[Material to process]:
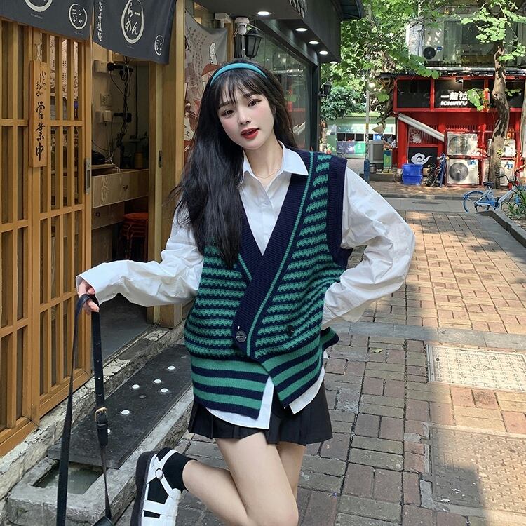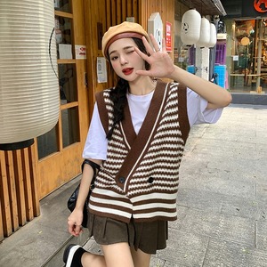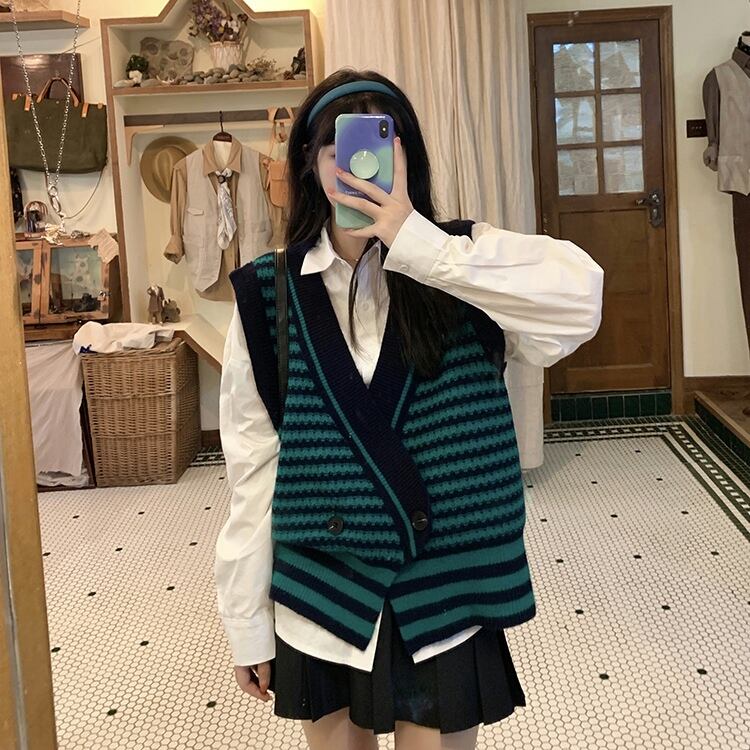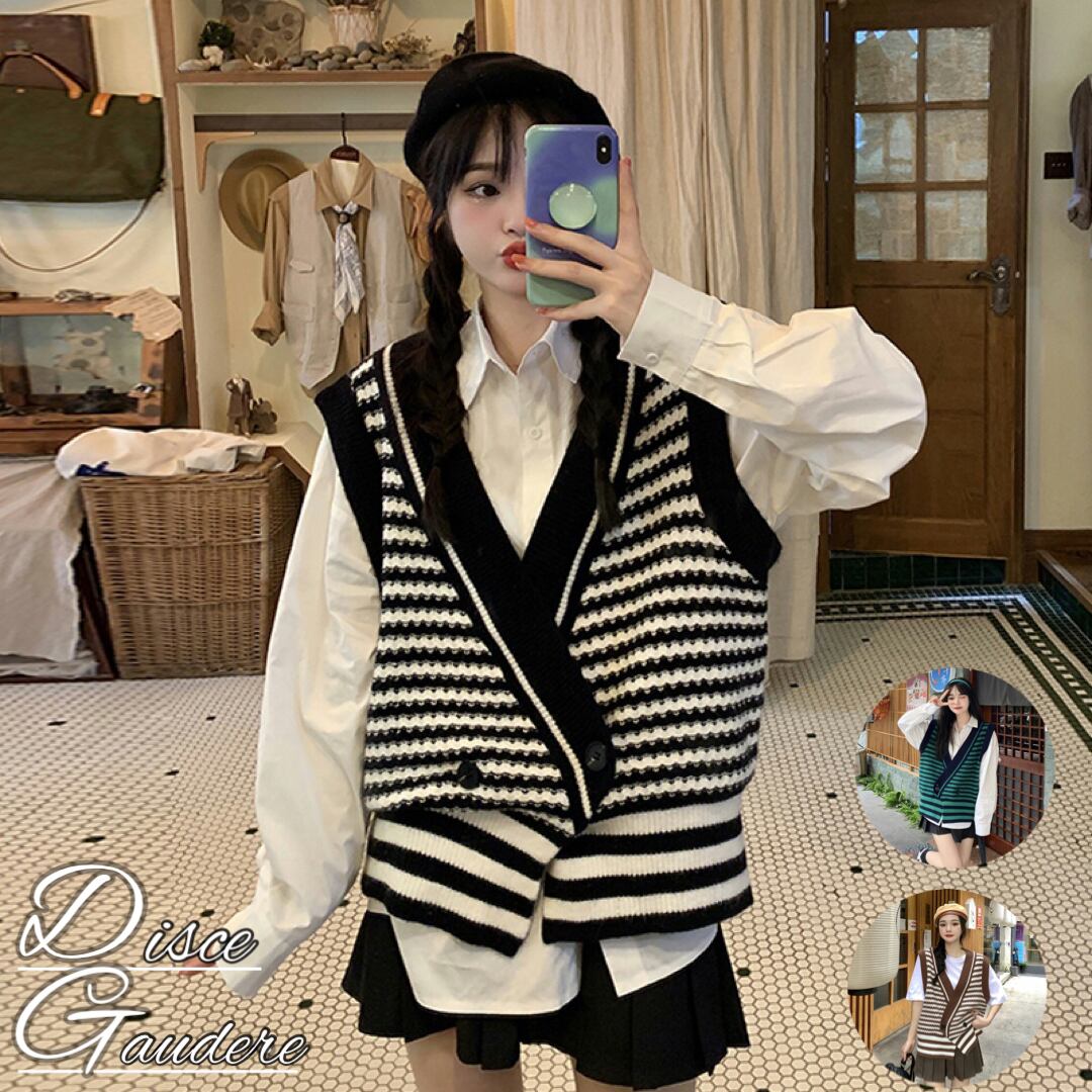 【韓国通販 dgo】v-neck knit stripe vest 3colors(B1343)
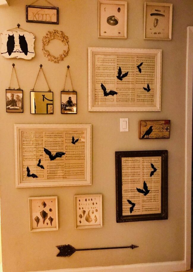 Shadowy bat cutouts sweep across walls, creating mysterious patterns that dance and delight.
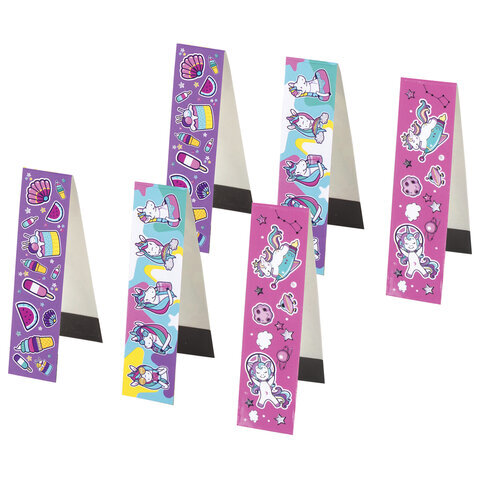 Закладки для книг с магнитом "ЕДИНОРОГИ", набор 6 шт., блестки, 25x196 мм, ЮНЛАНДИЯ, 111638
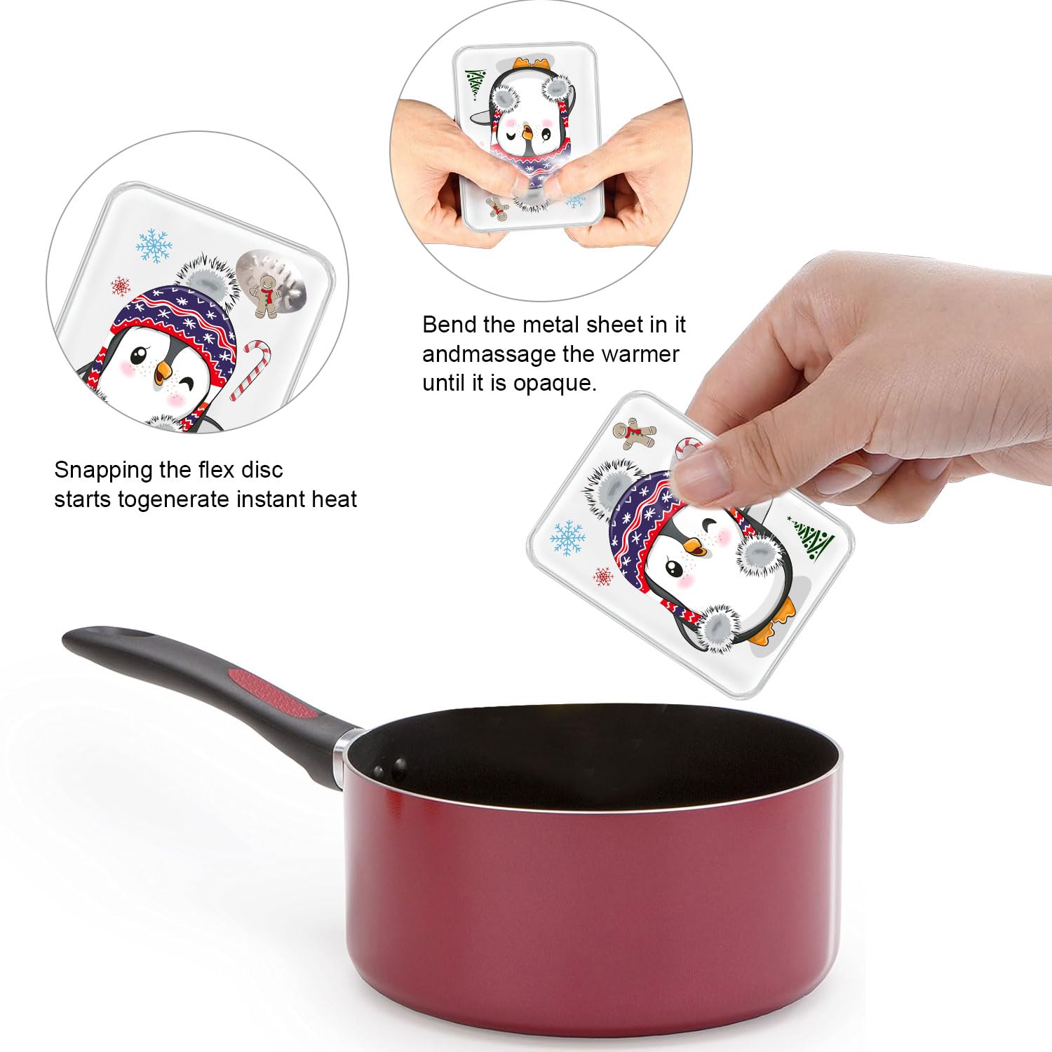 Einfach das Metallplättchen knicken und schon wird's kuschelig warm! Diese praktischen Taschenwärmer heizen sich innerhalb von Sekunden auf ca. 55°C auf und halten etwa eine Stunde lang. Das Beste: Sie sind komplett wiederverwendbar! Einfach abgekühlte Wärmer für ein paar Minuten in kochendes Wasser legen, abkühlen lassen und schon kannst du sie wieder verwenden. Perfekt für kalte Hände beim Winterspaziergang, Skiurlaub oder Camping. Super sicher und ungiftig - bestehen nur aus Natriumacetat und Wasser. Die weiche Hülle ohne scharfe Kanten liegt angenehm in der Hand. Sieht dazu noch stylisch aus und passt zu jedem Outfit! Ein tolles Geschenk für Freunde und Familie, das wirklich jeder gebrauchen kann.
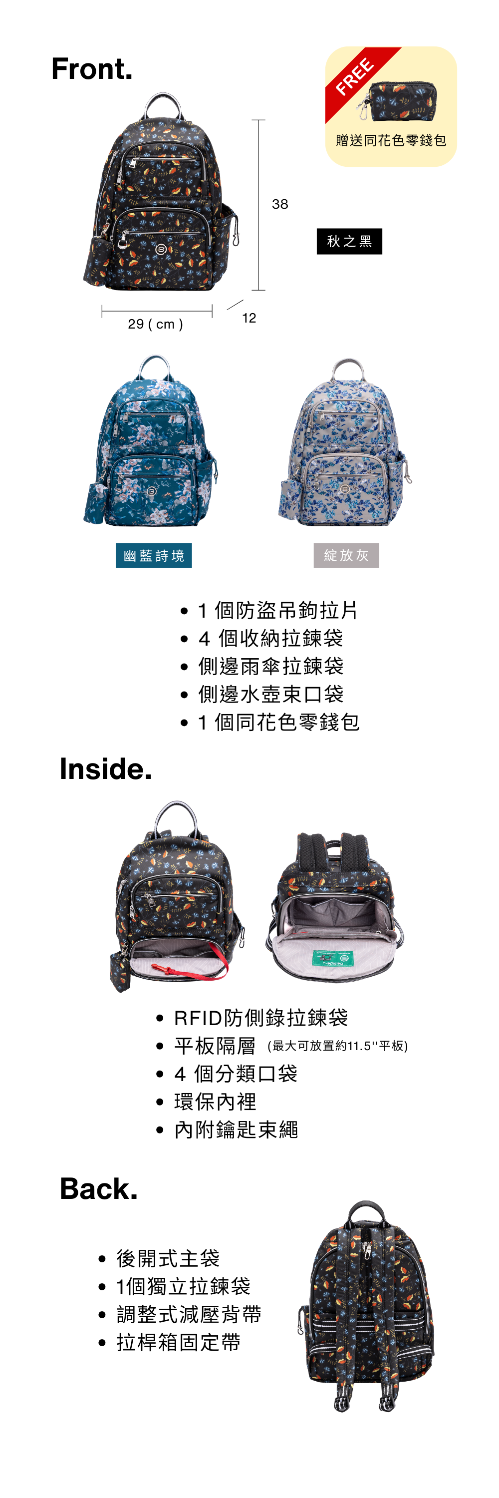 * 1 個後開式主袋
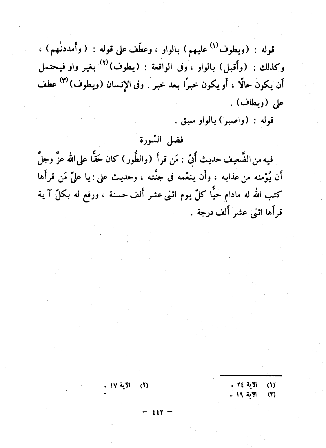 فيه من الضَّعيف حديث أُبىّ: مَن قرأَ (والطُّور) كان حَقّاً على الله عزَّ وجلَّ أَن يُؤمنه من عذابه، وأَن ينعّمه فى جنَّته، وحديث على: يا علىّ مَن قرأَها كتب الله له ما دام حيّاً كلّ يوم اثنى عشر أَلف حسنة، ورفع له بكلّ آية قرأَها اثنى عشر أَلف درجة.
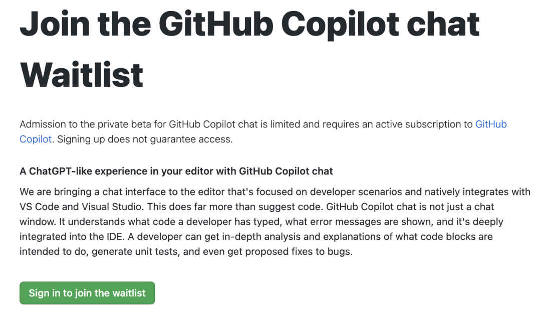 不过,有些遗憾的是,GitHub Copilot chat 当前并没有公开测试,想要早日用上,还需要先付费订阅 GitHub Copilot。
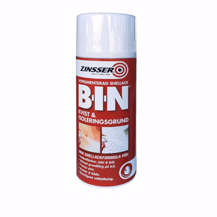 Zinsser BIN är en mycket effektiv shellackbaserad kvist- och isolergrund som kombinerar snabb torktid med en oöverträffad vidhäftning och bästa möjliga täckkraft. Innehåller äkta shellack och är lösningsmedelsburen. Zinsser B-I-N Aerosol är utmärkt för mindre föremål och möbler samt till punktbehandling på fläckar och kvistar som är extra envisa.
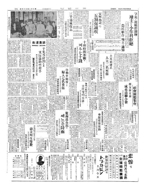 - 旱災(한재)로流離群激增(류리군격증) 地主(지주)에게小作料拒絕(소작요거절)
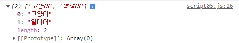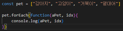 이 함수의 매개변수로는 대상 배열의 요소가 들어가는데, 매개변수를 2개 설정할 경우에
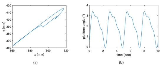 yp denotes the altitude of the COM of the moving platform relative to the datum. The potential energy expressions in Equations (7) and (8) hold when the mechanism is standing vertically, as described earlier. When the mechanism is oriented on a horizontal plane such that all of the COMs have an identical altitude in the direction of gravity, the equations are no longer valid. In such a case, when the datum of the potential energy evaluation has an identical altitude to all of the COMs, then the potential energy due to gravity vanishes. In this case, the rigid body motion of the mechanism is not affected by gravity. A practical way to suppress the effect of gravity in a general model is by imposing a zero value to the gravitational acceleration constant
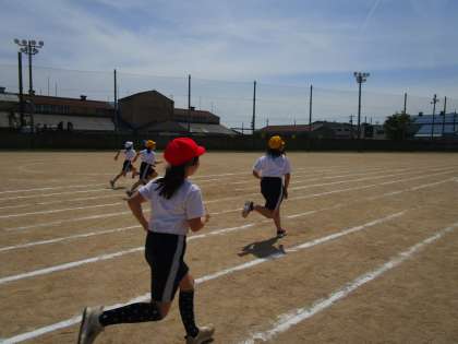 運動会では80m走をします。今まで50mを走っていた子供たちにとっては、とっても長く感じたと思います。今日は、走る順番の確認や実際走ってみるということをしました。本番が楽しみです。
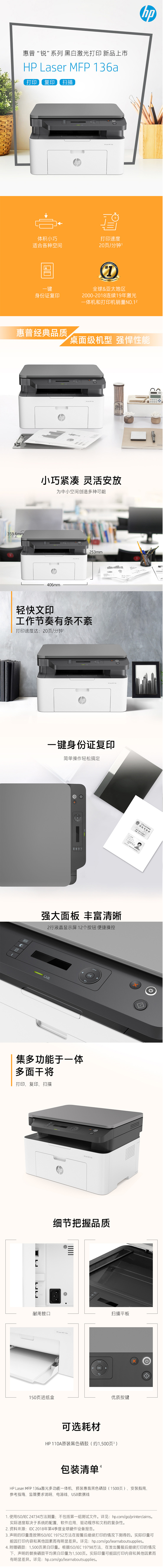 • 商品名稱:惠普(HP)Laser MFP 136a A4黑白激光多功能一體機 打印/復(fù)印/掃描 20頁/分鐘 手動雙面 1200*1200dpi 有線網(wǎng)絡(luò)打印 適用耗材:W1110A 一年保修

[What you should do]: Only the pictures are to be omitted; restate everything else above exactly.

[Output for this exercise]:
 【韓国通販 dgo】v-neck knit stripe vest 3colors(B1343)
 Shadowy bat cutouts sweep across walls, creating mysterious patterns that dance and delight.
 Закладки для книг с магнитом "ЕДИНОРОГИ", набор 6 шт., блестки, 25x196 мм, ЮНЛАНДИЯ, 111638
 Einfach das Metallplättchen knicken und schon wird's kuschelig warm! Diese praktischen Taschenwärmer heizen sich innerhalb von Sekunden auf ca. 55°C auf und halten etwa eine Stunde lang. Das Beste: Sie sind komplett wiederverwendbar! Einfach abgekühlte Wärmer für ein paar Minuten in kochendes Wasser legen, abkühlen lassen und schon kannst du sie wieder verwenden. Perfekt für kalte Hände beim Winterspaziergang, Skiurlaub oder Camping. Super sicher und ungiftig - bestehen nur aus Natriumacetat und Wasser. Die weiche Hülle ohne scharfe Kanten liegt angenehm in der Hand. Sieht dazu noch stylisch aus und passt zu jedem Outfit! Ein tolles Geschenk für Freunde und Familie, das wirklich jeder gebrauchen kann.
 * 1 個後開式主袋
 فيه من الضَّعيف حديث أُبىّ: مَن قرأَ (والطُّور) كان حَقّاً على الله عزَّ وجلَّ أَن يُؤمنه من عذابه، وأَن ينعّمه فى جنَّته، وحديث على: يا علىّ مَن قرأَها كتب الله له ما دام حيّاً كلّ يوم اثنى عشر أَلف حسنة، ورفع له بكلّ آية قرأَها اثنى عشر أَلف درجة.
 不过,有些遗憾的是,GitHub Copilot chat 当前并没有公开测试,想要早日用上,还需要先付费订阅 GitHub Copilot。
 Zinsser BIN är en mycket effektiv shellackbaserad kvist- och isolergrund som kombinerar snabb torktid med en oöverträffad vidhäftning och bästa möjliga täckkraft. Innehåller äkta shellack och är lösningsmedelsburen. Zinsser B-I-N Aerosol är utmärkt för mindre föremål och möbler samt till punktbehandling på fläckar och kvistar som är extra envisa.
 - 旱災(한재)로流離群激增(류리군격증) 地主(지주)에게小作料拒絕(소작요거절)
 이 함수의 매개변수로는 대상 배열의 요소가 들어가는데, 매개변수를 2개 설정할 경우에
 yp denotes the altitude of the COM of the moving platform relative to the datum. The potential energy expressions in Equations (7) and (8) hold when the mechanism is standing vertically, as described earlier. When the mechanism is oriented on a horizontal plane such that all of the COMs have an identical altitude in the direction of gravity, the equations are no longer valid. In such a case, when the datum of the potential energy evaluation has an identical altitude to all of the COMs, then the potential energy due to gravity vanishes. In this case, the rigid body motion of the mechanism is not affected by gravity. A practical way to suppress the effect of gravity in a general model is by imposing a zero value to the gravitational acceleration constant
 運動会では80m走をします。今まで50mを走っていた子供たちにとっては、とっても長く感じたと思います。今日は、走る順番の確認や実際走ってみるということをしました。本番が楽しみです。
 • 商品名稱:惠普(HP)Laser MFP 136a A4黑白激光多功能一體機 打印/復(fù)印/掃描 20頁/分鐘 手動雙面 1200*1200dpi 有線網(wǎng)絡(luò)打印 適用耗材:W1110A 一年保修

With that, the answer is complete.